Managing API Costs was a concern but turned out surprisingly cheap
Interacting with language models via APIs can be costly, especially when processing a large amount of content. This was made using gpt-4-turbo which costed around 80€ for all the content generated. However now there is better models available that would be cheaper and more efficient.
Heavy prompting added room for poor instructions
Writing prompts that guide the language model to produce specific content sections had many text instructions that could be prone to be made wrong. This was a challenge to get right and required multiple iterations to improve the quality of the generated content.
Results
I wrote over half a million words of content across more than 200 dog breeds in multiple languages. Our SEO metrics soared, with increased organic traffic, new and much better search rankings for breed-related keywords.
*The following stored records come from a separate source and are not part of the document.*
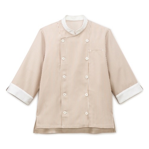 衛生対策機能付き、爽やかなストライプ柄のショップコートです。塩素系漂白剤による退色を防ぐ素材機能から、元の色合いが持続します。水仕事など、腕まくりの手間なく作業ができる七分袖。 |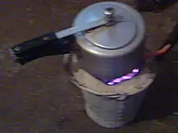 Lighting a Sigri requires a substantial amount of effort. First, the fuel (either coal, cow dung or wood pieces) is loaded through the upper opening. A piece of cow dung (perhaps soaked in kerosene) is then lit and inserted through the hole in the side of the Sigri, below the iron rods. The Sigri is then left in a well-ventilated area until it stops emitting smoke, once up to temperature it will produce a smokeless heat. During this period it is necessary to occasionally stoke and fan the Sigri.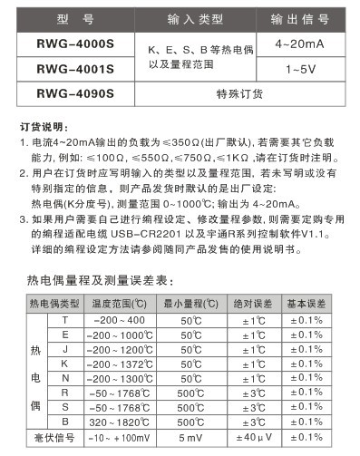 適用于K、E、S、B 等熱電偶或毫伏信號(hào)輸入。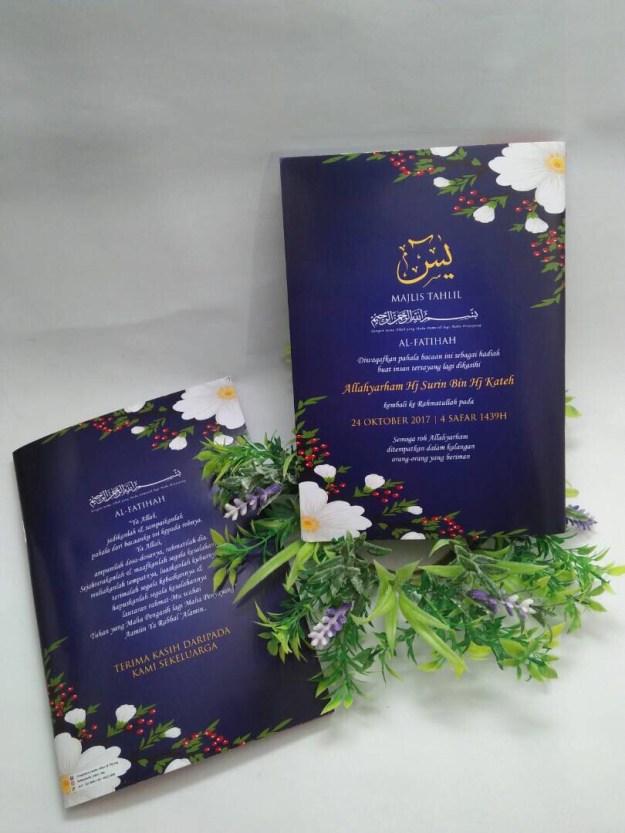 Terima kasih kerana membuat tempahan buku yasin/doa di tempahanyassin. Kami doakan majlis anda berjalan lancar dan rezeki anda dipermudahkan oleh NYA.Semoga doorgift buku yasin ini memberi manafaat kepada sesiapa yang membacanya.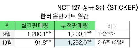 127보다 해외인기 훨 높은 방탄 세븐틴도 다 한터 실판매량에 잡히는데 엔시티 127만 가온 한터 차이가 140만장 찍는중ㄷㄷㄷ

- Generated over 500,000 words of content for 200+ dog breeds
- Climbed to top 5 search results with many new keywords
- Google respected the content and started to show rich snippets which increased the click-through rate
Goal was also to increase reach and bring awareness to the site. However our ability to meet this goal is very hard to measure. We have seen an increase in traffic and the time spent on the site has increased. This is a good indicator that the content is engaging and valuable to the users but we don't have any evidence on these users turning to customers.
Lessons Learned
Automation Saves Time but Requires Thought to Implement
Automating content creation saved us a huge amount of time, but it also required careful planning and fine-tuning to get the desired results.
In this experiment it still would have saved many thousands of hours of manual work even if the quality of the content was not perfect. The quality of the content was however relatively good and the system was able to generate content that was very close to what a I would write myself.
Traffic gain is consistent but takes some time to build up depending on domain authority
It takes time for search engines to index and rank new content. We saw a gradual increase in organic traffic over several months as our content gained visibility in search results. So it's not a quick fix but a long term bet.
Content needs to be valuable and regularly updated
The system can be improved over time by updating prompts, adjusting parameters, and incorporating user feedback to enhance content quality. System is also capable of updating content consistently over time if needed.
Automating the content creation process allowed us to create content that would have been impossible to produce manually. The system generates high-quality, engaging content for over 200 dog breeds in multiple languages, enhancing our SEO performance and user engagement.